Studies have suggested that the FXR-SHP-Srebp-1c pathway7,8 may play a major role in the hypoglycemic effect of a surgical procedure. Our present study detected expression of Srebp-1c downstream of FXR in the liver, and our results showed no statistically significant difference in Srebp-1c mRNA expression among the different groups. Furthermore, the fasting serum cholesterol levels before and after surgery in all surgical rats (Fig. 7C) were not significantly different at 24 weeks postoperation when compared with those at 1 week preoperation, and also did not significantly vary among the different groups (p > 0.05).

Recent studies have focused on interactions that occur between the targets of hypoglycemic drugs; i.e., transcription factor YY1 and liver FXR10. It is believed that YY1 can inhibit transcription of the liver FXR gene and activate Srebp-1c. In addition, YY1 may also up-regulate the expression of lipogenesis-related genes (such as the fatty acid synthase gene)10,11, resulting in excessive deposition of TGs and lipotoxicity in the liver. The results of our present study (Fig. 7E) showed that the fasting TG levels in the DJB and NBPD groups at 24 weeks postoperation were significantly lower than those at 1 week preoperation (p < 0.05), and the fasting TG levels in the DJB and NBPD groups at 24 weeks postoperation were significantly lower than those in the DJE and SHAM groups (p < 0.05). These finding indicated that the operation group with high liver FXR expression, however, has a low TG level. The ectopic deposition of TGs and FFAs plays an important role in the process of lipotoxicity leading to T2DM. Studies have shown that TGs and FFAs are closely related to the development and progression of diabetes, and may induce insulin resistance in organs and tissues12,13,14, and apoptosis in islet cells15,while a decreased level of FFAs may help to alleviate insulin resistance16. In the present study, the HOMA-IR values decreased in both the intestinal bypass and modified biliopancreatic diversion groups, while no significant change was observed in the intestinal exclusion group and sham operation group. These results suggest that the intestinal bypass surgery had reduced serum FFA levels and lipotoxicity via biliopancreatic diversion, and thereby alleviated insulin resistance and inhibited islet cell apoptosis.

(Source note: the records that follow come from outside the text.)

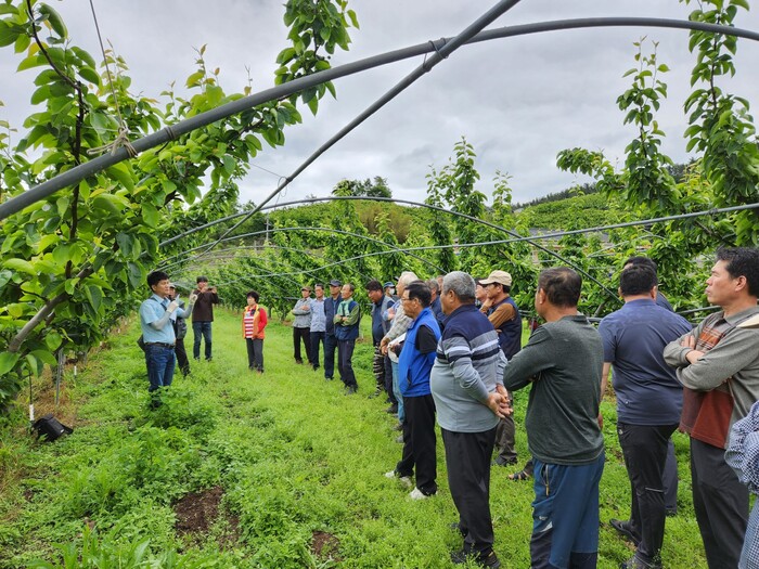 이번에 실시한 현장교육은 농촌진흥청 배 연구소 송장훈 박사를 초빙하여 농가 실천 중심의 품종별 저온피해 예방 및 사후 과원 관리기술에 대해 배우는 시간을 가졌다.
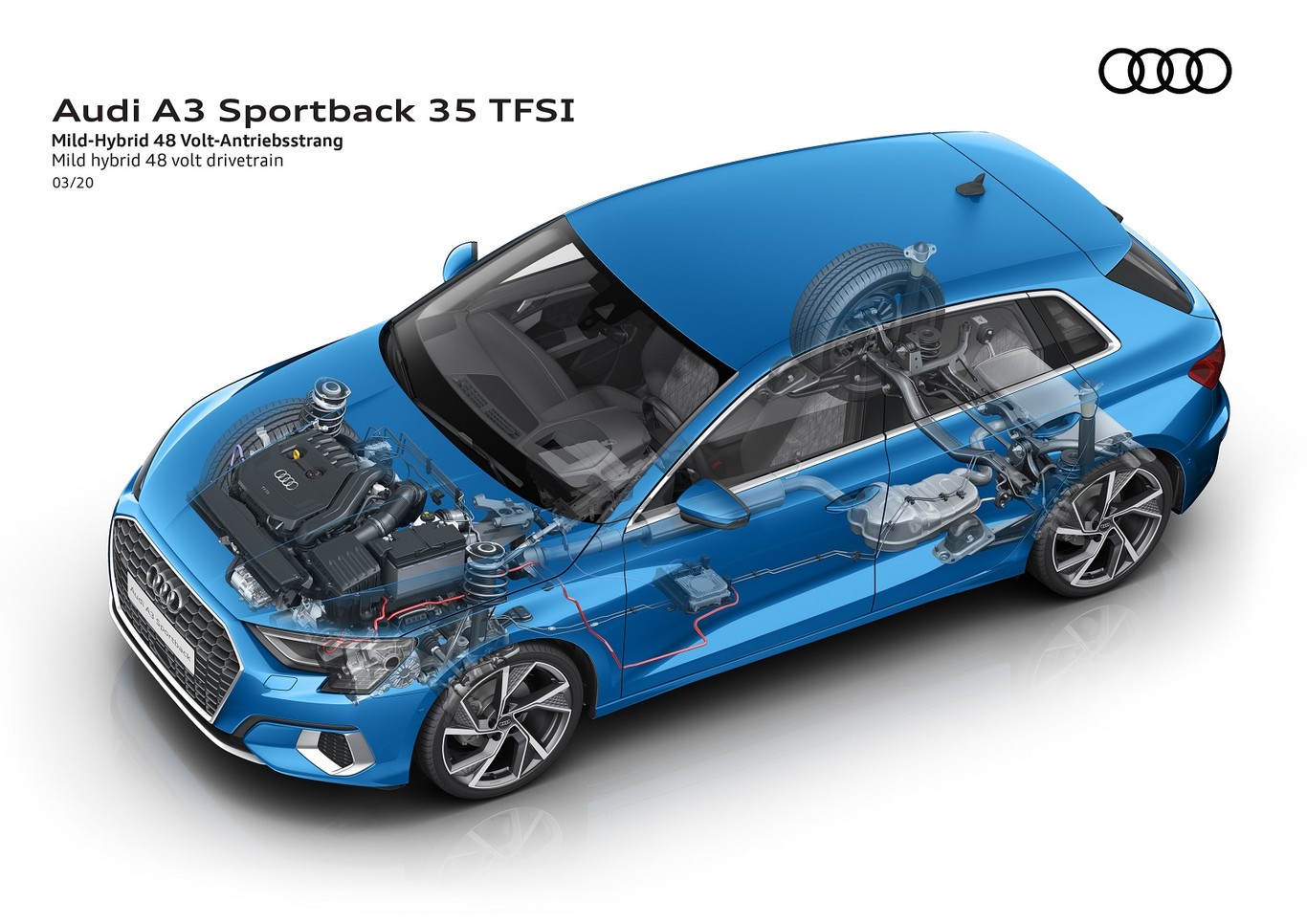 También en carrocería sedán, el A3 Sportback recibirá un sistema de hibridación ligera de 48 V.
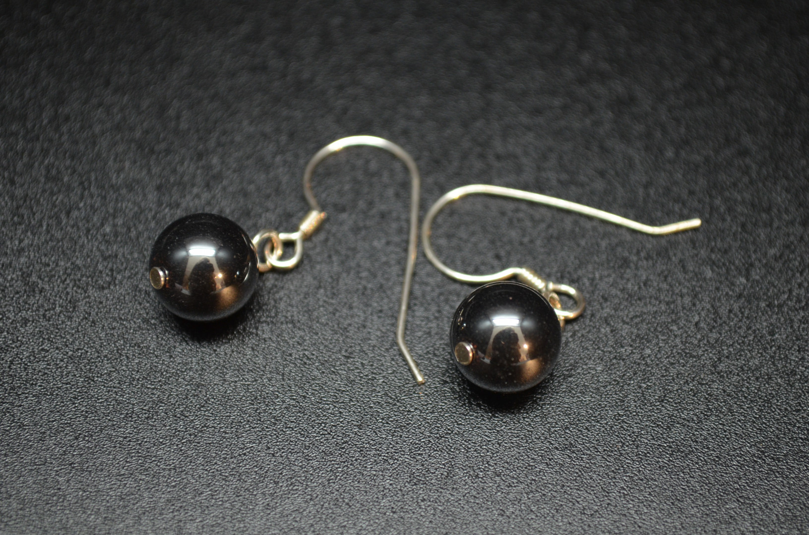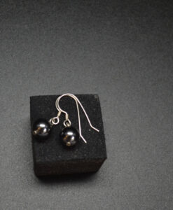 Øredobbe med 10mm kule i hematitt med sølvkrok.
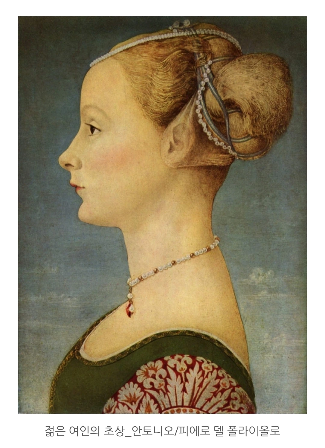 도슨트의 해설;르네상스 시대의 가장 유명한 초상화 중 하나입니다. 생생한 푸른 하늘을 배경으로 한 액자에, 여성의 옆모습의 섬세한 윤곽이 선명하게 표현되어 있습니다. 베일 아래 우아하게 정돈된 그녀의 머리카락은 섬세한 진주 목걸이로 장식되어 있습니다. 호화로운 옷차림 및 헤어스타일과 장신구는 피렌체 엘리트 계층 내에서 빼어난 인물로서 그녀의 지위를 암시합니다. 1470년경에 제작된 이 작품은 15세기 후반 안토니오(Antonio)와 피에로 델 폴라이올로(Piero del Pollaiolo)가 이끄는 피렌체 작업실에서 제작된 여성 초상화 연작의 주요한 부분입니다. 여성의 금발 머리, 진주, 보석, 피부색에 빛이 미치는 영향에 대한 세심한 관심은 당시 플랑드르 화가들이 이탈리아에 가져온 혁신적인 기술의 영향을 반영합니다.
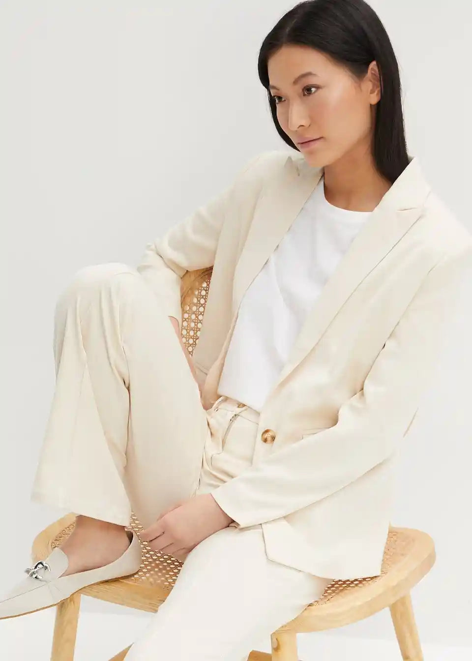 Model je visok 1,77 m i nosi veličinu 36.
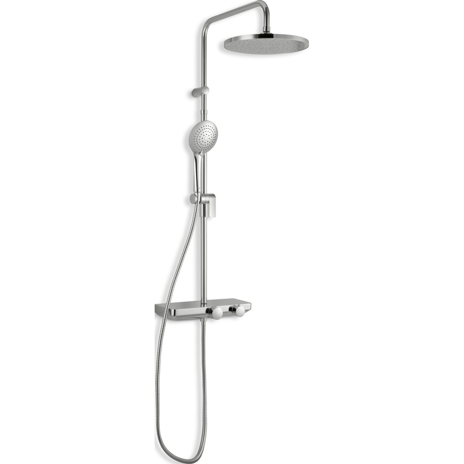 Hlavová sprcha s ruční sprchou se 3 typy proudy vody, hadice, tyč a termostatická sprchová baterie.
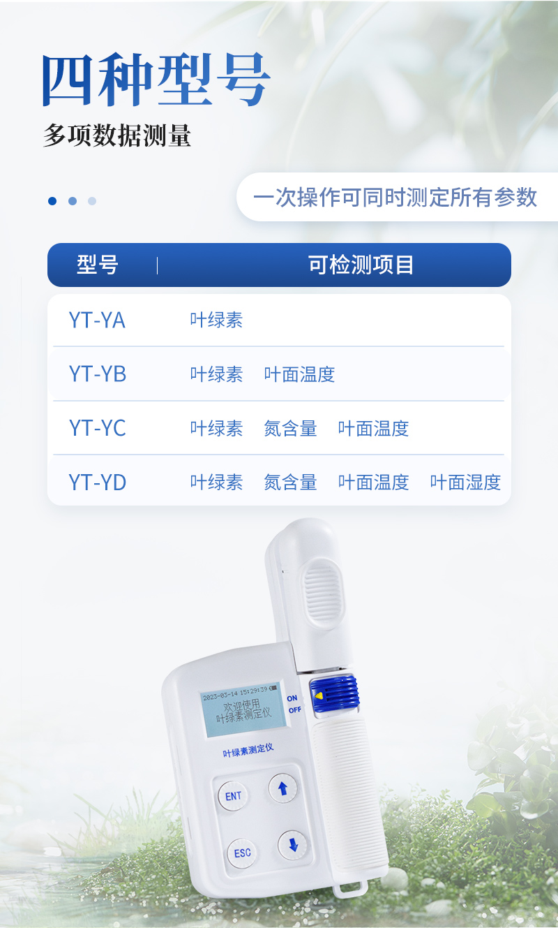 儀器用途:YT-YD葉綠素測定儀根據(jù)葉綠素光譜吸收規(guī)律,采用兩種不同的發(fā)光管照射葉片,通過測量透過葉片的光的強度計算出葉片內(nèi)的葉綠素相對含量或者綠色程度,從而為合理、適當(dāng)、及時施肥提供可···

In summary, biliopancreatic diversion primarily accounts for the hypoglycemic mechanism of intestinal bypass surgery. Biliopancreatic diversion can reduce lipotoxicity and improve the sensitivity of cells to insulin in T2DM rats by affecting bile acid pathways. These effects serve to alleviate insulin resistance and inhibit islet cell apoptosis, which eventually produces a hypoglycemic effect.

Conclusion

DJB postoperatively up-regulates the expression of bile acid receptors in the liver and down-regulates those receptors in the intestinal tract via biliopancreatic diversion. These changes reduce TG levels, and subsequently the lipotoxic effects of TGs and FFAs on islet cells to produce a hypoglycemic effect.